Nonostante tutto questo, però, io continuo a considerare con un po’ di apprensione l’idea di un’Università in Italia dove si studi solo in inglese, anche se si tratta di una facoltà scientifica o tecnologica. Io mi sono laureato in ingegneria aeronautica proprio al Politecnico di Milano. Pur non avendolo studiato a scuola, quando ero matricola conoscevo già discretamente l’inglese, avendolo appreso da canzoni, videogiochi, giochi di ruolo, qualche lezione privata e un mese di soggiorno all’estero. Ma durante la mia permanenza all’università la mia conoscenza della lingua migliorò molto, in buona parte per la necessità continua di utilizzarlo. Dopo il biennio non c’era praticamente corso i cui testi principali non fossero in inglese, per non parlare degli gli articoli che mi servirono per la tesi di laurea. Quindi a mio avviso, anche senza lezioni in lingua straniera, l’inglese lo si impara comunque.

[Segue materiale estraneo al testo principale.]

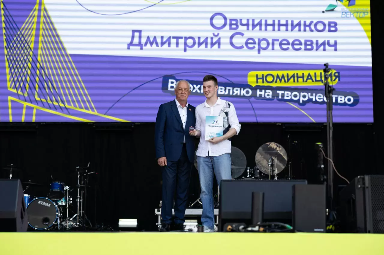 В номинации «Вдохновляю на творчество» почетным знаком отмечен Дмитрий Овчинников, руководитель творческой инициативной группы «Фарватер». В 19 лет студент является организатором развлекательно-обучающих и патриотических мероприятий, участвует в городских событиях и концертах. Является обладателем гран при регионального конкурса «Студенческой весны – 2025» в составе вокального коллектива «Престиж» ВВГУ. Победитель конкурса таланта и красоты «Мисс и мистер ВВГУ – 2024».
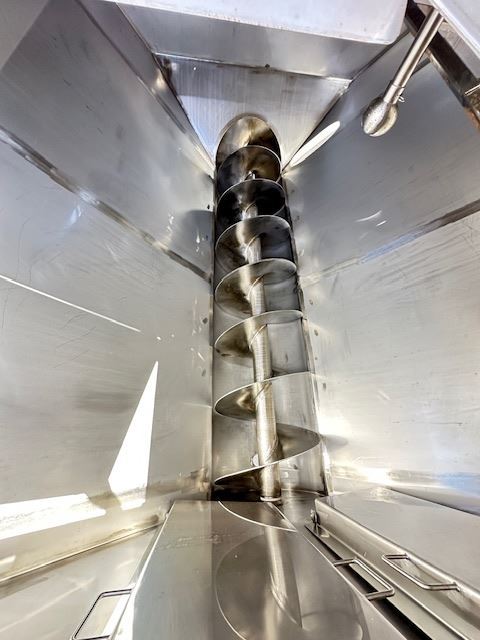 The auger is fitted with a 2.2kw WEG inline gearbox and the discharge outlet opening is 600mm x 600m.
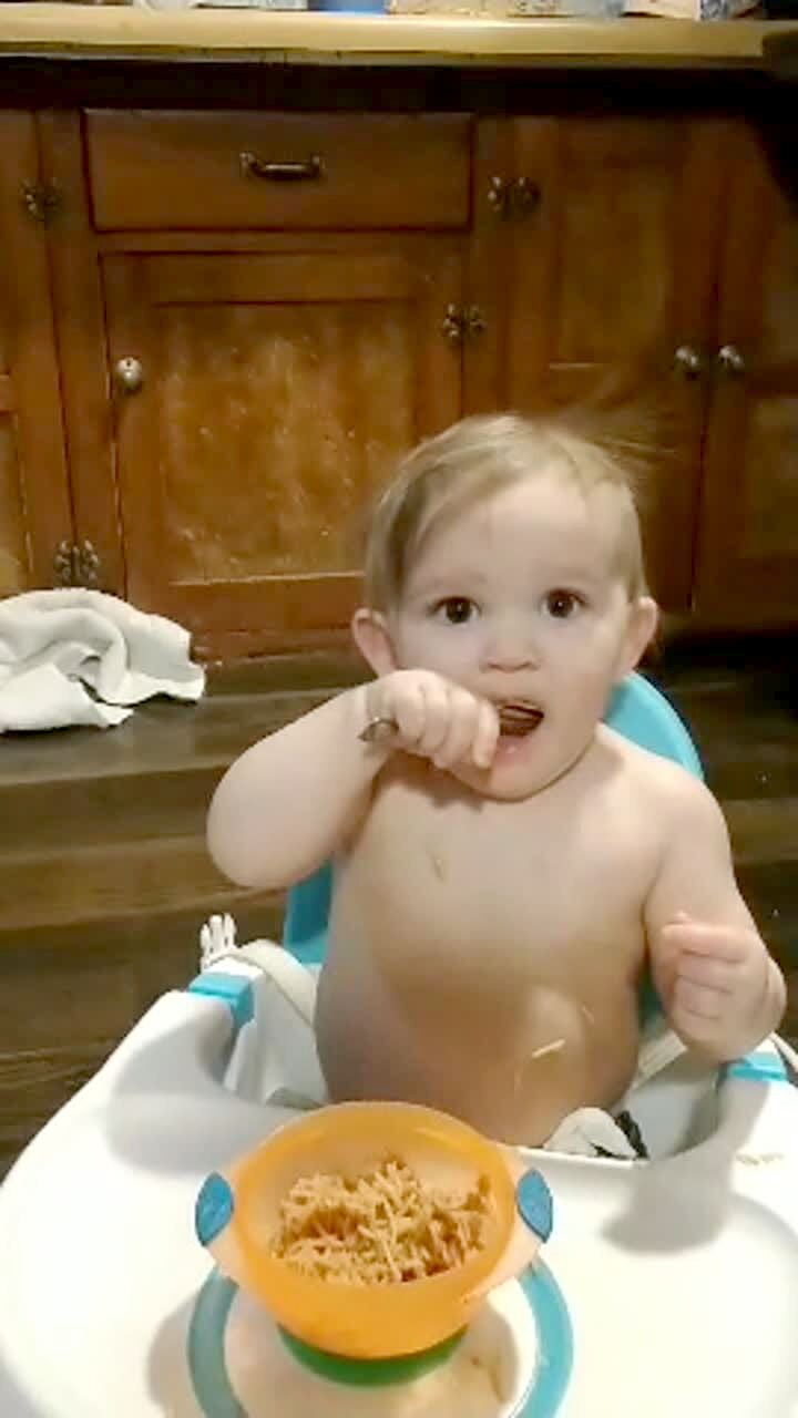 A man films twin baby siblings who eat pasta. The baby girl is all clean and eats her pasta with a fork but the baby boy has a mess everywhere and is eating the food straight from the bowl.

D’altra parte, al Politecnico ho imparato anche un bel po’ di gergo specialistico italiano. Ho appreso, per esempio, che la componente della forza aerodinamica perpendicolare al vento relativo, e che perciò tiene l’aereo in volo (in inglese lift), in italiano si chiama portanza. Ho imparato che un veicolo che sfrutta la portanza per volare viene detto velivolo, un termine che in inglese neppure ha il corrispondente, e che è stato inventato nientemeno che da Gabriele D’Annunzio. Ho scoperto che l’azione di un corpo che gira su se stesso poggiando su un unico punto, come fa una trottola, si chiama prillare (in inglese to spin), una parola che al di fuori dei testi tecnici ho trovato solo nel Pasticciaccio di Gadda (che non a caso al Politecnico aveva studiato).
Potrei andare avanti a lungo. Certo, bisogna notare che si tratta di un gergo ottocentesco o del primo Novecento. Oggi l’evoluzione di scienza e tecnologia è talmente rapida, e le comunicazioni talmente immediate, che quasi mai la traduzione italiana di un neologismo inglese riesce ad imporsi. Oggi usiamo il computer, nonostante sia sempre esistito l’analogo italiano calcolatore. Nessuno ha mai pensato di usare un topo al posto del mouse, e anche nei rarissimi casi in cui si adotta una parola italiana, diventa subito obsoleta: chi mai oggigiorno usa più un masterizzatore? E tuttavia quel gergo scientifico di base della lingua italiana non è inutile: permette di parlare di scienza e di tecnologia in una lingua che è ancora la nostra. È quello che permette a me, che di mestiere scrivo di tecnologia e di scienza, di farmi capire. Ed è evidente che, se lo studio della scienza avverrà solo in inglese, nel giro di un paio di generazioni quel gergo sparirà del tutto.
Non voglio fare il catastrofista. Sono convinto che le modifiche della lingua siano ineluttabili, e che dove qualcosa va perso qualcos’altro viene guadagnato. La lingua italiana che oggi tanto amiamo è il risultato di una corruzione del latino da parte di barbari e ignoranti. Se una parola sparisce vuol dire che ha perduto la sua funzione, ed è inutile piangerci sopra. E tuttavia la prospettiva non mi rallegra. Ho sempre pensato che uno dei grossi problemi del nostro Paese risiedesse nel fatto che le persone cosiddette di cultura considerano spesso la scienza come una cosa estranea o superflua. È una frattura che tuttora si fa molta fatica a colmare. E sarà ancora più difficile colmarla se per parlare di scienza occorrerà abbandonare l’italiano.